A new escape room experience opened up in the next town over so I took my cousin and aunt there to try it out. I discovered an intensely self-assured and competitive side of my normally very reserved and withdrawn cousin. We were 99.5% done with the puzzle, and just failed the very last lock to open the door because of a frustrating triviality. C’est la vie. Everyone enjoyed themselves and turns out we make a pretty good team. Dinner was at a hibachi place with myself, my cousin, and friends. They all learned just how much sake I can take in one gulp as the chef squirted sake from across the room into my mouth and I learned that my brother has the best eye-mouth coordination I’ve ever seen. Those zucchini didn’t stand a chance. And then playing pool at my favorite pool hall. The Japanese food, the pool, I was grasping at what straws I had from my minimal interactions with my cousin back in the Philippines. With some degree of luck all these straws had held up over the test of time and were still interests so overall I’d say a successful and fun night. But the craziness didn’t happen until we got back home. I invited her to have drinks with my friends as we are wont to do on our Saturday nights and to my pleasant surprise she took up my offer. It started innocently enough. An Orange Blossom to begin with for everyone: gin, honey, orange juice. Simple. Sweet. A nice digestif, the acidity helps to cleanse the palate after our hibachi meal. Then we kick it up a bit. The strongly named Blood and Sand. Scotch, Maraschino liqueur, sweet vermouth, and orange juice (I like to work in themes). We’re talking, sharing stories, and then we decide to play some drinking games. Then the night gets blurry. There are a lot of games and a lot of shots. I take a good amount, and my cousin does too. She doesn’t like to lose, which fuels even more games, which she then loses. I see a whole new side of her. We are loud, excitable, laughing. I share stories about Las Vegas, the drunkest my friends and I have ever been. We go into the late late hours of the night, later than I’ve ever been up with my family, but a norm for my friends and I. For one night, I feel like there is an actual connection between my cousin and I. I don’t see a stranger or feel like one either. Definitely one for the books. And the wallet. One bottle of tequila, one of Canadian whiskey, and one of vodka down.
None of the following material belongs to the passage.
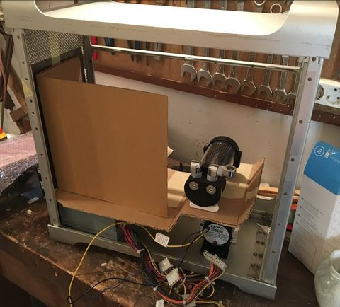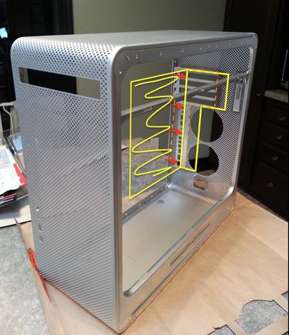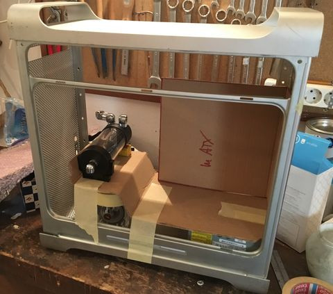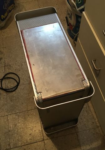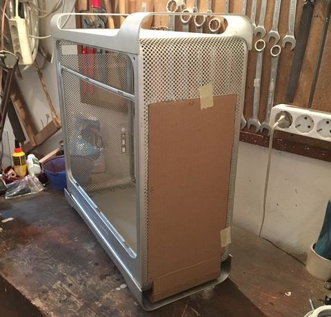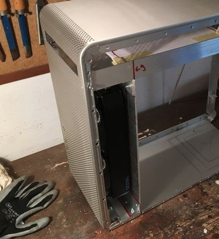 A hdd-ket, illetve a tartályt szintén a középső részben tervezem beépíteni. Az alaplapi tálca helyzetét is meg kell említeni. Mivel ez az alma ház eredendően nem kompatibilis a pc-s alaplapokkal, ezért dúrvább beavatkozásokat kell eszközölni. Arról van szó, hogy ki kell vágni a ház majdhogynem teljes hátsó felét azért, hogy az általam elképzelt helyre lehessen rakni az alaplapot. Az egész alaplapot, így a ház gyári pci(-e) kivezetéseit is egy kicsit a ház közepe felé szeretném elmozdítani kb 2-3 cm-rel, úgy hogy egy olyan alaplapi tálcát készítek a házhoz, amely a gyári "felfüggesztéssel" ellentétben nem a külső g5 héjjhoz tartozik, hanem a belső egységhez lenne csatlakoztatva valamilyen módon.

Sunday is all about the power and the pleasure of domesticity. I take cousin #2, the older one who’s been here now for about a year already for her own school, grocery shopping to begin her culinary education. There is a beautiful circularity here. I started cooking when I was in middle school, learning to make a traditional Filipino breakfast of egg (itlog), sausage (longanisa), sweet cured pork (tocino), garlic rice (singangag), and shrimp chips (kropek, cutely named for the crackling popping sound it makes in the pan). Now here I am teaching my Filipina cousin to make a French omelet. We do the whole gambit. Grocery shopping. Going over how to choose fresh ingredients that are in season, what essentials to always have in a well-stocked pantry, even going through picking up some kitchen appliances and wares. Hopefully also sharing some knowledge and appreciation. See she and I are of different persuasions. For me, domesticity is freedom, strength, independence. Domesticity is living. She still sees it as an obstacle, a necessary evil in order to get on with her life. The point I’m trying to illustrate to her is that there is a great sense of joy and accomplishment to be had in being a domestic goddess. Hahah. I am visiting her in her apartment in the city this week to continue the culinary education. Next step: stir-fry and braising. It’s a six-floor walk up with no air-conditioning. Today it was 98 degrees. I’m going to be miserable. The things we do for family, eh?

I’ve never denied the importance of family. But I never missed the family I never knew. Now I have the chance to actually get to know some of my cousins. I’m grateful for that because it is a relationship I didn’t have before and that I can now grow. And if it weren’t for this blog, no one would know, and I would forget, and maybe I wouldn’t chase this experience as readily and enthusiastically as I do now.